• **Input data**
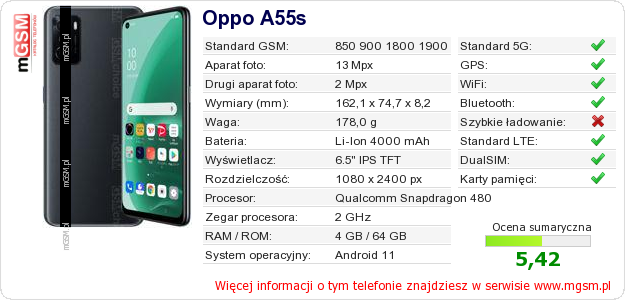 Dane telefonu Oppo A55s na Twojej stronie
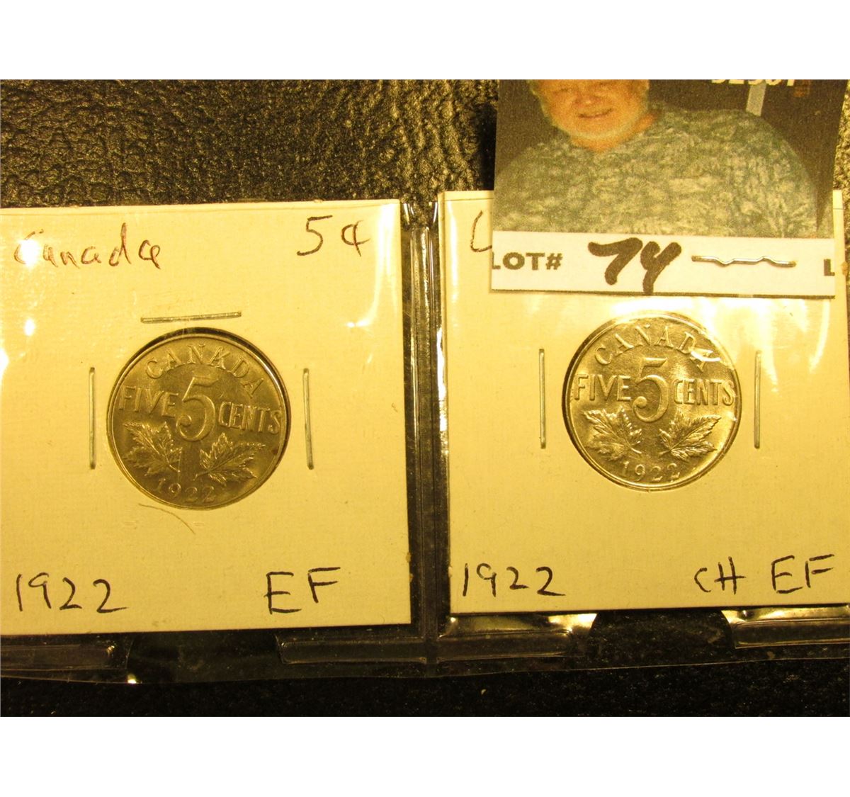Lot Canada Nickels: 1922 EF & 1922 Choice EF.
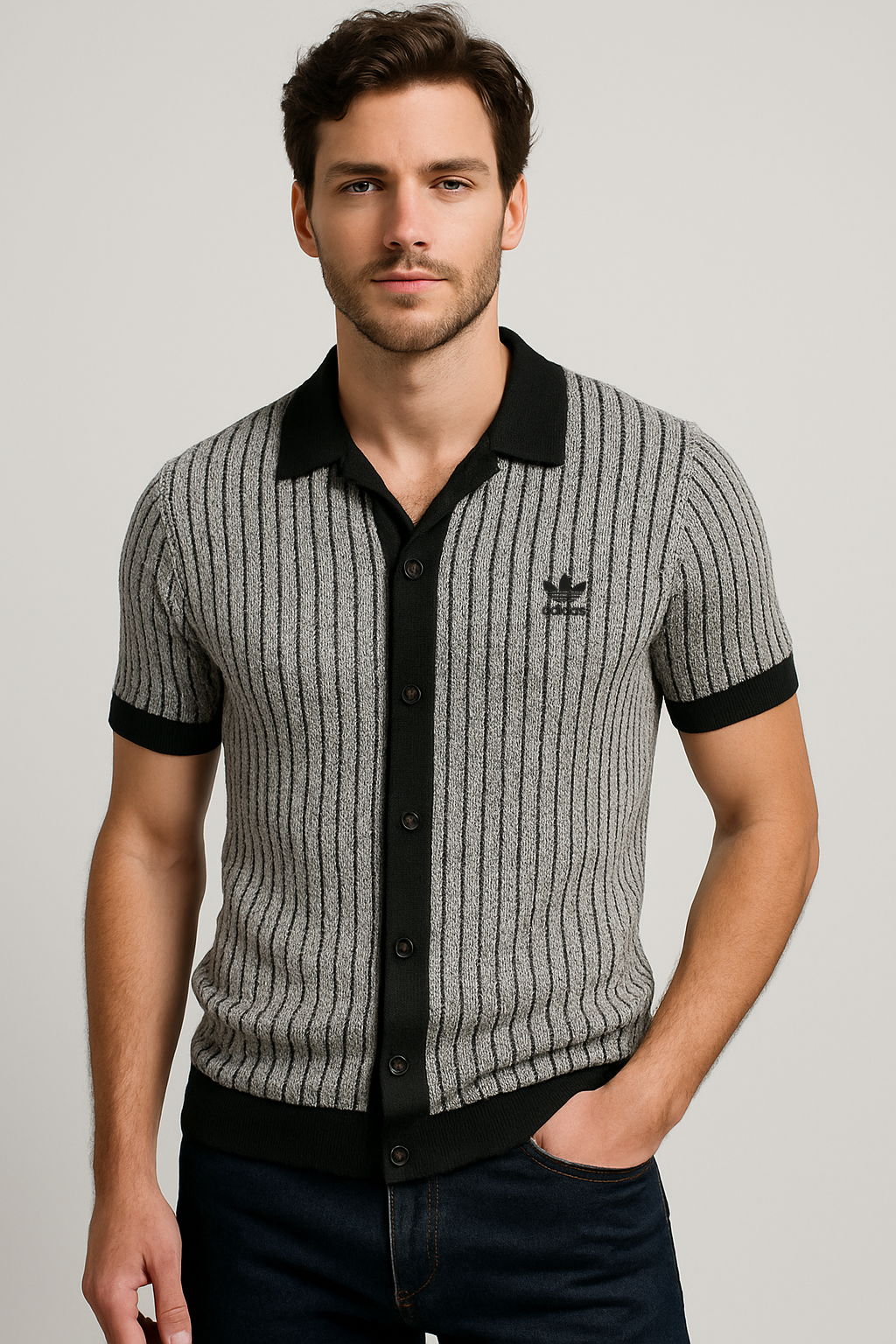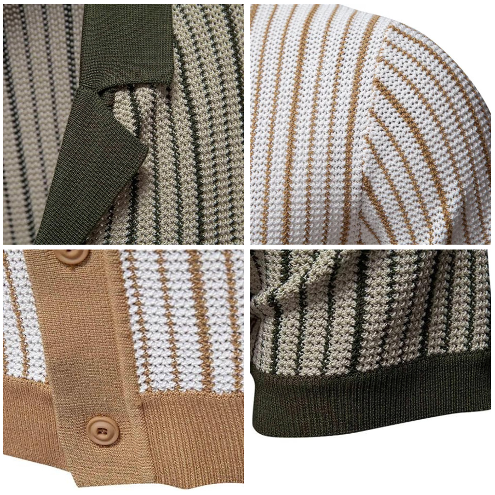 A standout piece that combines retro charm with a contemporary edge. The button-up front and textured knit design bring character and distinction, perfect for those who want their look to stand apart.
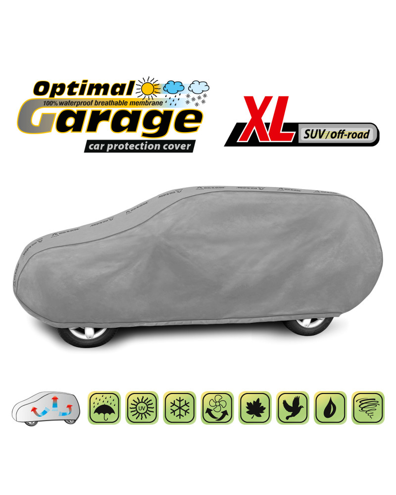 Nepromokavá a zároveň prodyšná membránová krycí plachta na automobil OPTIMAL GARAGE. Je nepromokavá i za intenzívního deště, zároveň je prodyšná a odvádí vlhkost ven. Krycí plachta je vyrobená z membrány s vysokou prodyšností (prostupností par) a je odolná proti povětrnostním podmínkám. Chrání proti dešti, sněhu, jinovatce, slunečním paprskům (škodlivému UV záření) a nečistotám, jako je prach, ptačí trus nebo míza stromů.
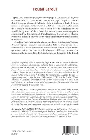 Depuis Les Dents du topographe (1996) jusqu'à L'Insoumise de la porte de Flandre (2017), Fouad Laroui parle de son pays d'origine, le Maroc, il en dresse un tableau où l'absurde côtoie la tendresse et le rire frôle les larmes. Avec légèreté, humour et ironie, il aborde les thèmes fondamentaux de la société contemporaine dont il saisit toute la complexité qui va au-delà du royaume chérifien.
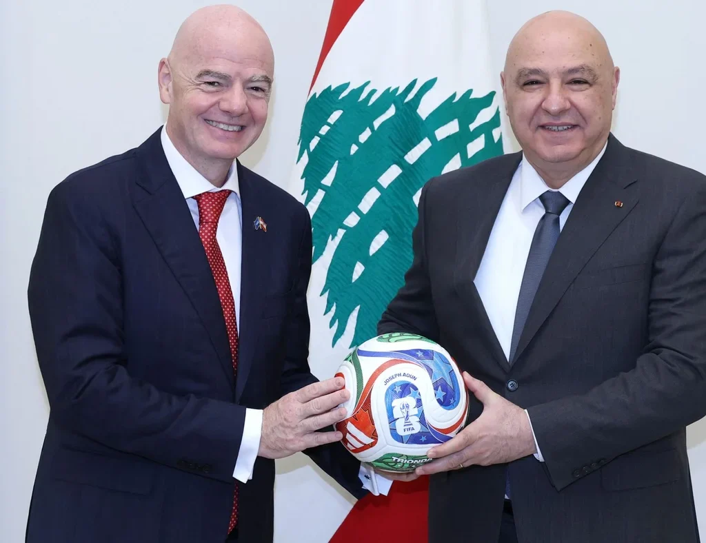 O Presidente Libanês Joseph Aoun, durante uma reunião no Palácio Presidencial de Baabda (Beirute) na terça-feira concedeu a nacionalidade Libanesa a Gianni Infantino, o Presidente da FIFA.
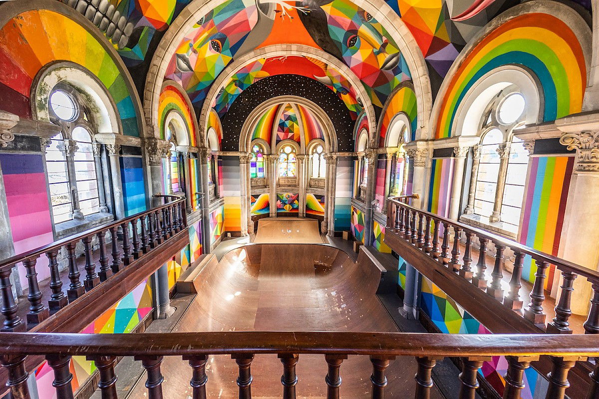 What they said back in the 90’s "Heaven is a Halfpipe"... This park is a stunning place to visit! In 2015 they transformed the 200 years old abandoned church into a skaters dream. It’s not just a miniramp in a church. It's the colorful graffiti artwork by Okuda that is breathtaking and makes this place worth a vist. My advise... take your time to check it closely if you are there! The open Bowl/Miniramp had it’s best days cause the surface of the ramp has some holes and cracks (Oct 2021) but it’s a well built ramp and loads of fun. A handful people just travel to that place to take some shots, so most of the time there are no skaters and you’re kind of „alone". An old Lady (the wife of the original owner of the church) opened the doors for us, she just speaks spanish, but she is a lovely soul and really liked to see us skating in that place. The entree for the church is free but we decided to donate 15€ to keep that place alive and hope that some day the ramps get a new surface. Copy and paste to keep such places alive!
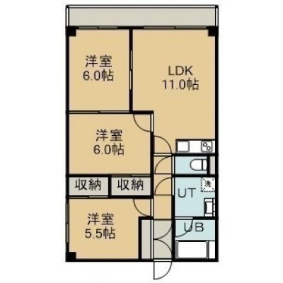 3LDK(58.62m²)└ 2階:LDK11帖 洋室6帖 洋室6帖 洋室5.5帖
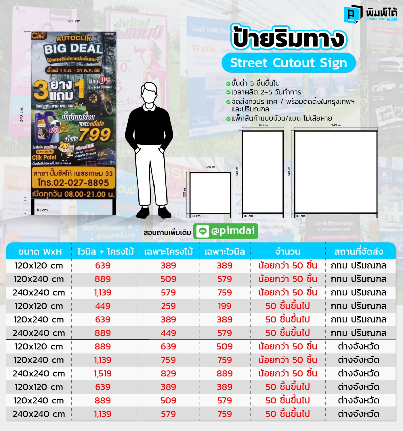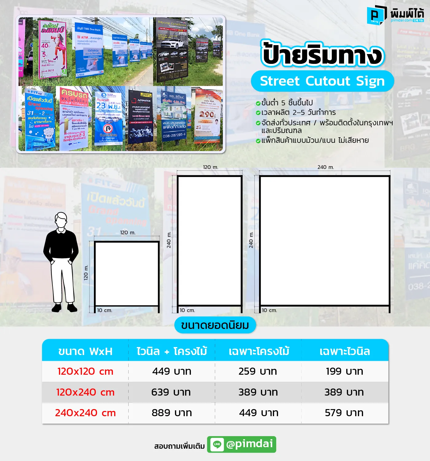 pimdai.com มักจะมีบริการออกแบบให้ลูกค้าได้ แม้ว่าลูกค้าจะไม่มีแบบมาเองก็ตาม ซึ่งบริการนี้จะช่วยให้ลูกค้าได้ป้ายริมทางที่มีดีไซน์ที่สวยงาม โดดเด่น และตรงกับความต้องการมากที่สุด

• **Work request**
Your task is to repeat the material above exactly, without its pictures.

• **Result**
 Dane telefonu Oppo A55s na Twojej stronie
Lot Canada Nickels: 1922 EF & 1922 Choice EF.
 A standout piece that combines retro charm with a contemporary edge. The button-up front and textured knit design bring character and distinction, perfect for those who want their look to stand apart.
 Nepromokavá a zároveň prodyšná membránová krycí plachta na automobil OPTIMAL GARAGE. Je nepromokavá i za intenzívního deště, zároveň je prodyšná a odvádí vlhkost ven. Krycí plachta je vyrobená z membrány s vysokou prodyšností (prostupností par) a je odolná proti povětrnostním podmínkám. Chrání proti dešti, sněhu, jinovatce, slunečním paprskům (škodlivému UV záření) a nečistotám, jako je prach, ptačí trus nebo míza stromů.
 Depuis Les Dents du topographe (1996) jusqu'à L'Insoumise de la porte de Flandre (2017), Fouad Laroui parle de son pays d'origine, le Maroc, il en dresse un tableau où l'absurde côtoie la tendresse et le rire frôle les larmes. Avec légèreté, humour et ironie, il aborde les thèmes fondamentaux de la société contemporaine dont il saisit toute la complexité qui va au-delà du royaume chérifien.
 O Presidente Libanês Joseph Aoun, durante uma reunião no Palácio Presidencial de Baabda (Beirute) na terça-feira concedeu a nacionalidade Libanesa a Gianni Infantino, o Presidente da FIFA.
 What they said back in the 90’s "Heaven is a Halfpipe"... This park is a stunning place to visit! In 2015 they transformed the 200 years old abandoned church into a skaters dream. It’s not just a miniramp in a church. It's the colorful graffiti artwork by Okuda that is breathtaking and makes this place worth a vist. My advise... take your time to check it closely if you are there! The open Bowl/Miniramp had it’s best days cause the surface of the ramp has some holes and cracks (Oct 2021) but it’s a well built ramp and loads of fun. A handful people just travel to that place to take some shots, so most of the time there are no skaters and you’re kind of „alone". An old Lady (the wife of the original owner of the church) opened the doors for us, she just speaks spanish, but she is a lovely soul and really liked to see us skating in that place. The entree for the church is free but we decided to donate 15€ to keep that place alive and hope that some day the ramps get a new surface. Copy and paste to keep such places alive!
 3LDK(58.62m²)└ 2階:LDK11帖 洋室6帖 洋室6帖 洋室5.5帖
 pimdai.com มักจะมีบริการออกแบบให้ลูกค้าได้ แม้ว่าลูกค้าจะไม่มีแบบมาเองก็ตาม ซึ่งบริการนี้จะช่วยให้ลูกค้าได้ป้ายริมทางที่มีดีไซน์ที่สวยงาม โดดเด่น และตรงกับความต้องการมากที่สุด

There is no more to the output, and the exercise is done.